Pipelines are now monitored at all times from centralized control centres that gather pressure, volume and other information in real time.

Thanks to this multiplicity of controls, pipeline spills, leaks and ruptures are now extremely rare.

Almost all of Canada’s oil goes to the U.S., where it is sold at a discount.

“The different levels of government should make it easier to build new pipelines in Canada in order to put in place the infrastructure required to diversify our oil exports,” Ouellette says.

Several world markets are expected to experience substantial growth in demand for oil by 2045.

“Demand will surge by 130 per cent in India and by more than 40 per cent in a number of other Asian countries,” he says. “This is a golden opportunity for Canada not only to increase the value of its exports, but also to change its risky, one-client strategy.”

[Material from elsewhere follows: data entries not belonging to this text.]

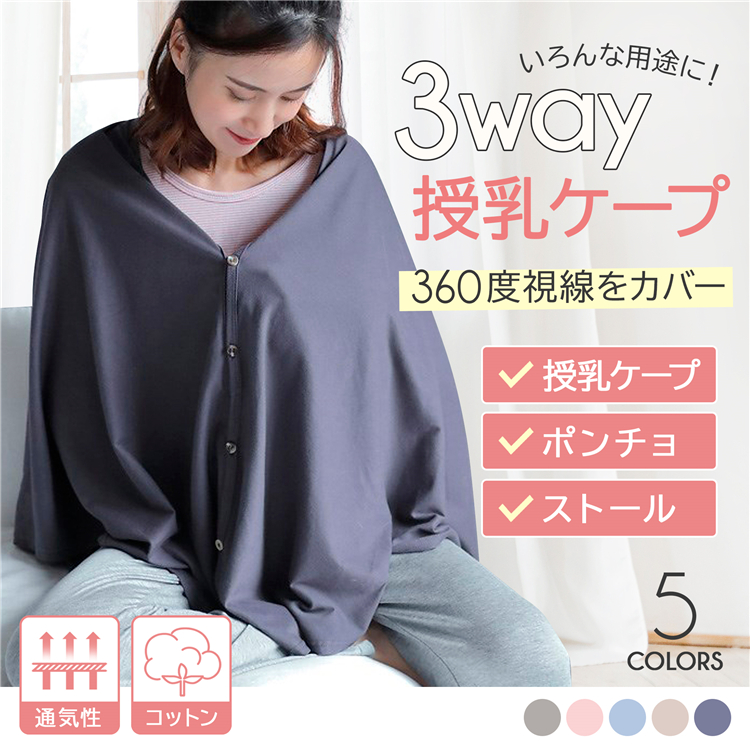授乳がうまくいかない、睡眠時間が削られる、授乳できる場所がないと気軽に外出もできないといった悩みをゆったりケープ1枚あれば気兼ねなく授乳もできるため育児を楽しむ環境づくりにはマストアイテム。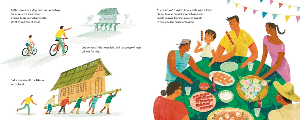 While Mateo learns more about this side of his father that he never knew, he also learns about bayanihan—people in the community coming together to help someone in need. When the trip comes to an end, it's difficult to say goodbye, but not only do Mateo and his dad bring home a stronger relationship as father and son, they also carry bayanihan back to their life in the city and strengthen the ties in their community.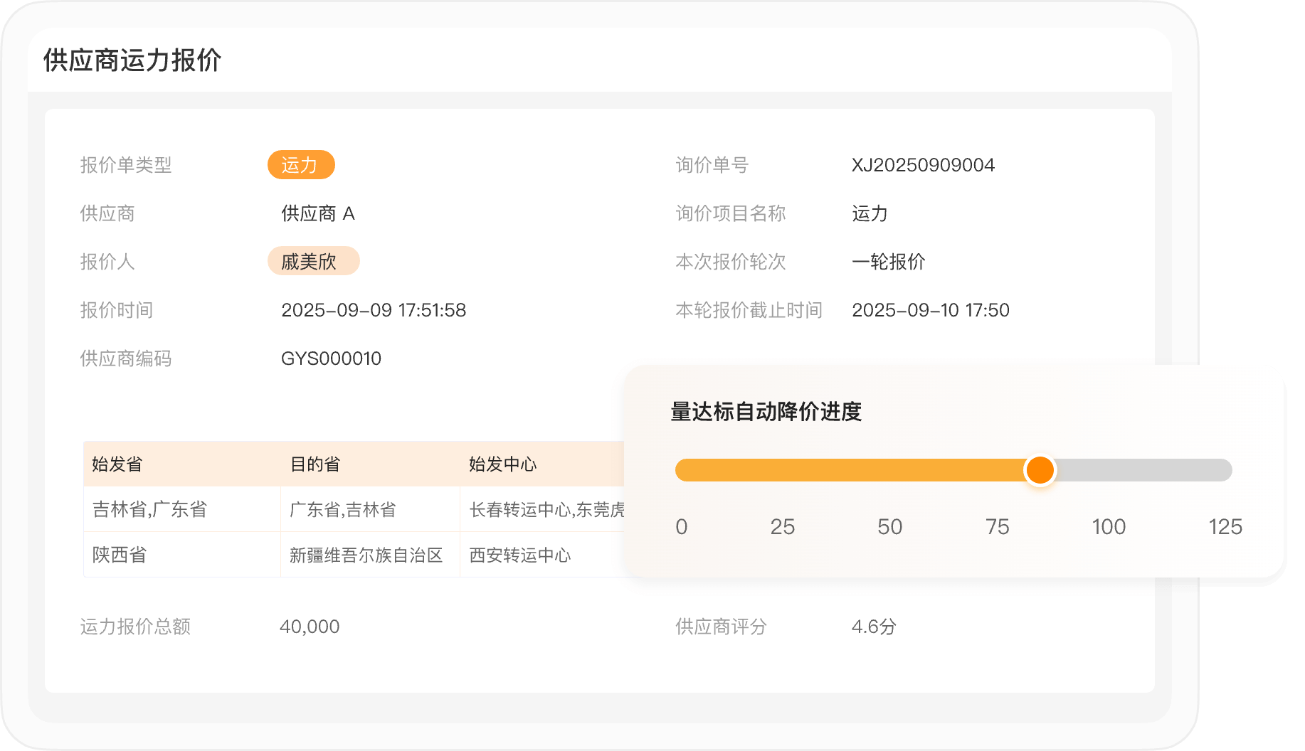 搭建标准化报价模块,支持供应商在线报不同路线 / 车型价格,系统自动比价选最优。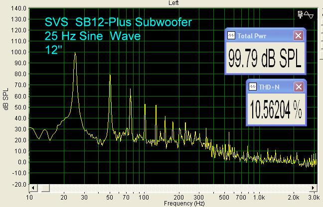 By 31.5 Hz, THD+N was less than 10%. It is suggested by many engineers that 10% THD+N is the audible threshold for deep bass.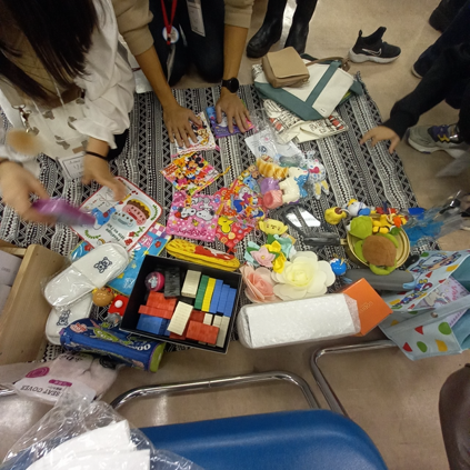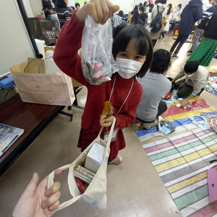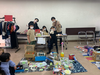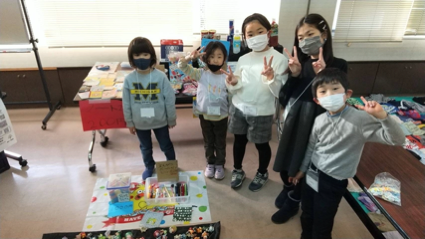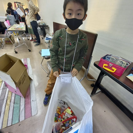 参加者の皆さんには家では使わなくなったけど、みんなに使って欲しいものをお家から持ってきてもらい本屋さん、雑貨屋さん、洋服屋さん、文房具・食料品屋さん、電化製品、大きいもの屋さん、おもちゃ屋さんに分かれて6つのお店屋さんを開きました。

Ouellette says Canada should reconsider two key aspects of its pipeline strategy.

The first is to encourage the construction of new pipelines from Alberta to west coast tidewater. That would enable Canada to increase its exports to new markets in Asia and diversify its client mix.

The second is to promote projects that move oil from west to east for domestic consumption.

“Right now, the main pipeline infrastructure ends in Montreal, which means refineries in the Maritimes have to import much of their oil from Saudi Arabia,” says Ouellette. “With an extension of the pipeline, the Maritimes would consume more Canadian oil and contribute to the growth of our energy sector.”

The figurative icing on the cake for this revised strategy is that new pipelines would also be able to transport natural gas and hydrogen.